Graph of hyperbolic tangent and hyperbolic cotangent functions.
The \(y\) axis is drawn from \(-2\) to \(2\) and the \(x\) axis is drawn from \(-3\) to \(3\text{.}\) The functions \(\tanh(x)\) and \(\coth(x)\) are shown. There are two lines drawn at \(y=-1\) and \(y=1\text{.}\)
The \(\tanh(x)\) function is drawn in the third and the first quadrant. In the first quadrant the function starts at the origin and gets a positive slope then after \(x=2\) it becomes parallel to the \(x\) axis at \(y=1\text{.}\) In the third quadrant the function starts at the origin and decreases until \(x=-2\) after which it becomes parallel to the \(x\) axis as \(y=-1\text{.}\)
The \(\coth(x)\) function is drawn in the first and the third quadrants. It is hyperbolic in shape with the two parts being symmetrical about the axis \(y=-x\text{.}\) It has a horizontal asymptote at \(x=0\text{.}\) This function coincides with the \(\tanh(x)\) curve after \(x=2\) and extends along the positive \(x\) axis and \(x=-2\) and extends further along the negative \(x\) axis.
(a)
Graph of hyperbolic secant and cosecant functions.
The \(y\) axis is drawn from \(-2\) to \(2\) and the \(x\) axis is drawn from \(-3\) to \(3\text{.}\) The functions \(\sech(x)\) and \(\csch(x)\) are shown.
The \(\sech(x)\) is drawn in the second and the first quadrant. From point \((1,0)\) the function slowly decreases moving left to right, almost touching the \(x\) axis at \(x=3\text{.}\) It is symmetrical about the \(x\) axis and in the third quadrant it decreases from \((1,0)\text{,}\) moving from right to left, and almost touches the \(x\) axis at \(x=-3\text{.}\)
(b)
Figure 6.6.6. Graphs of \(\tanh(x), \coth(x), \csch(x)\) and \(\cosh(x)\)
The following example explores some of the properties of these functions that bear remarkable resemblance to the properties of their trigonometric counterparts.
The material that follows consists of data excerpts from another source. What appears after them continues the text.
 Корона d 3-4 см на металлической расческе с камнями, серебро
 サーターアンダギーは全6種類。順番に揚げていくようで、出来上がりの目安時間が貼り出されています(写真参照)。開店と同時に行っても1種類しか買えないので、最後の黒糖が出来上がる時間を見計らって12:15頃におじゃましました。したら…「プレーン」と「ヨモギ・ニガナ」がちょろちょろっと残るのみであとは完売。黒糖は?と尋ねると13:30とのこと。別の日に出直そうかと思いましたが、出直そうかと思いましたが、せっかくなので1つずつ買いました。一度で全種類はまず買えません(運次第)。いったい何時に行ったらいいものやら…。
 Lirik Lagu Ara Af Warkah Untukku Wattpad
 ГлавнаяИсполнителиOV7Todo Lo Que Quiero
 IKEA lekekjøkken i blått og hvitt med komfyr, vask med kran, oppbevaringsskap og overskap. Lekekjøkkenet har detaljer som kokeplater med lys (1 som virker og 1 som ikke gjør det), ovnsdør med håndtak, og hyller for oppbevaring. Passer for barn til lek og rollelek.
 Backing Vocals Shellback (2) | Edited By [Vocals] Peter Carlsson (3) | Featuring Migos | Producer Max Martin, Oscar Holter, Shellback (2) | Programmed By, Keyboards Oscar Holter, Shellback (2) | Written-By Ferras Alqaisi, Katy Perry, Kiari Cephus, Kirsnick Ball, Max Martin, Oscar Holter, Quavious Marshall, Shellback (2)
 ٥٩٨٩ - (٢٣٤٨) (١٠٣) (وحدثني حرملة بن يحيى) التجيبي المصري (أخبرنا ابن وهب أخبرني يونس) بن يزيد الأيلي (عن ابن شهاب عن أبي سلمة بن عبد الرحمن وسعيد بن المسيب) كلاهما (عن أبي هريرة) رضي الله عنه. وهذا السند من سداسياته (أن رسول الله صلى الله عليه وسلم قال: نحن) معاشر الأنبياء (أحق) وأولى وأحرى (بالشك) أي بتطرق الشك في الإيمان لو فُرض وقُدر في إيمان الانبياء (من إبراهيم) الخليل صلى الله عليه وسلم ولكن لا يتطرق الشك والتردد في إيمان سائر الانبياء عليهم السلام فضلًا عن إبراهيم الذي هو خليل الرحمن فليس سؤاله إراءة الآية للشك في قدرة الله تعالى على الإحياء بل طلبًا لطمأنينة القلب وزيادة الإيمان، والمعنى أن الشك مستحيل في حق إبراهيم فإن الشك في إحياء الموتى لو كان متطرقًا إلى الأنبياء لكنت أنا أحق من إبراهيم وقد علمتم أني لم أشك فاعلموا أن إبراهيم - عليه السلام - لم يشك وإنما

Example 6.6.7. Exploring properties of hyperbolic functions.

Use Definition 6.6.3 to rewrite the following expressions.
  1. \(\displaystyle \cosh^2(x) -\sinh^2(x)\)
  2. \(\displaystyle \tanh^2(x) +\sech^2(x)\)
  3. \(\displaystyle 2\cosh(x) \sinh(x)\)
  4. \(\displaystyle \frac{d}{dx}\big(\cosh(x) \big)\)
  5. \(\displaystyle \frac{d}{dx}\big(\sinh(x) \big)\)
  6. \(\displaystyle \frac{d}{dx}\big(\tanh(x) \big)\)
Solution 1.
  1. \begin{align*} \cosh^2(x) -\sinh^2(x) \amp = \left(\frac{e^x+e^{-x}}2\right)^2 -\left(\frac{e^x-e^{-x}}2\right)^2\\ \amp = \frac{e^{2x}+2e^xe^{-x} + e^{-2x}}4 - \frac{e^{2x}-2e^xe^{-x} + e^{-2x}}4\\ \amp = \frac44=1\text{.} \end{align*}
    So \(\cosh^2(x) -\sinh^2(x) =1\text{.}\)
  2. Again, use Definition 6.6.3
    \begin{align*} \tanh^2(x) +\sech^2(x) \amp =\frac{\sinh^2(x) }{\cosh^2(x) } + \frac{1}{\cosh^2(x) }\\ \amp= \frac{\sinh^2(x) +1}{\cosh^2(x) }\qquad \text{ Now use identity from } \knowl{./knowl/xref/ex_hf1a.html}{\text{Part 1}}\\ \amp = \frac{\cosh^2(x) }{\cosh^2(x) } = 1\text{.} \end{align*}
    So \(\tanh^2(x) +\sech^2(x) =1\text{.}\)
  3. Again, use Definition 6.6.3
    \begin{align*} 2\cosh(x) \sinh(x) \amp = 2\left(\frac{e^x+e^{-x}}2\right)\left(\frac{e^x-e^{-x}}2\right)\\ \amp = 2 \cdot\frac{e^{2x} - e^{-2x}}4\\ \amp = \frac{e^{2x} - e^{-2x}}2 = \sinh(2x)\text{.} \end{align*}
    Thus \(2\cosh(x) \sinh(x) = \sinh(2x)\text{.}\)
  4. Again, use Definition 6.6.3
    \begin{align*} \frac{d}{dx}\big(\cosh(x) \big) \amp = \frac{d}{dx}\left(\frac{e^x+e^{-x}}2\right)\\ \amp = \frac{e^x-e^{-x}}2\\ \amp = \sinh(x) \end{align*}
    So \(\frac{d}{dx}\big(\cosh(x) \big) = \sinh(x)\text{.}\)
  5. Apply derivatives to Definition 6.6.3:
    \begin{align*} \frac{d}{dx}\big(\sinh(x) \big) \amp = \frac{d}{dx}\left(\frac{e^x-e^{-x}}2\right)\\ \amp = \frac{e^x+e^{-x}}2\\ \amp = \cosh(x)\text{.} \end{align*}
    So \(\frac{d}{dx}\big(\sinh(x) \big) = \cosh(x)\text{.}\)
  6. Apply derivatives to Definition 6.6.3:
    \begin{align*} \frac{d}{dx}\big(\tanh(x) \big) \amp = \frac{d}{dx}\left(\frac{\sinh(x) }{\cosh(x) }\right)\\ \amp = \frac{\cosh(x) \cosh(x) - \sinh(x) \sinh(x) }{\cosh^2(x) }\\ \amp = \frac{1}{\cosh^2(x) }\\ \amp = \sech^2(x)\text{.} \end{align*}
    So \(\frac{d}{dx}\big(\tanh(x) \big) = \sech^2(x)\text{.}\)
Solution 2. Video solution
The following Key Idea summarizes many of the important identities relating to hyperbolic functions. Each can be verified by referring back to Definition 6.6.3.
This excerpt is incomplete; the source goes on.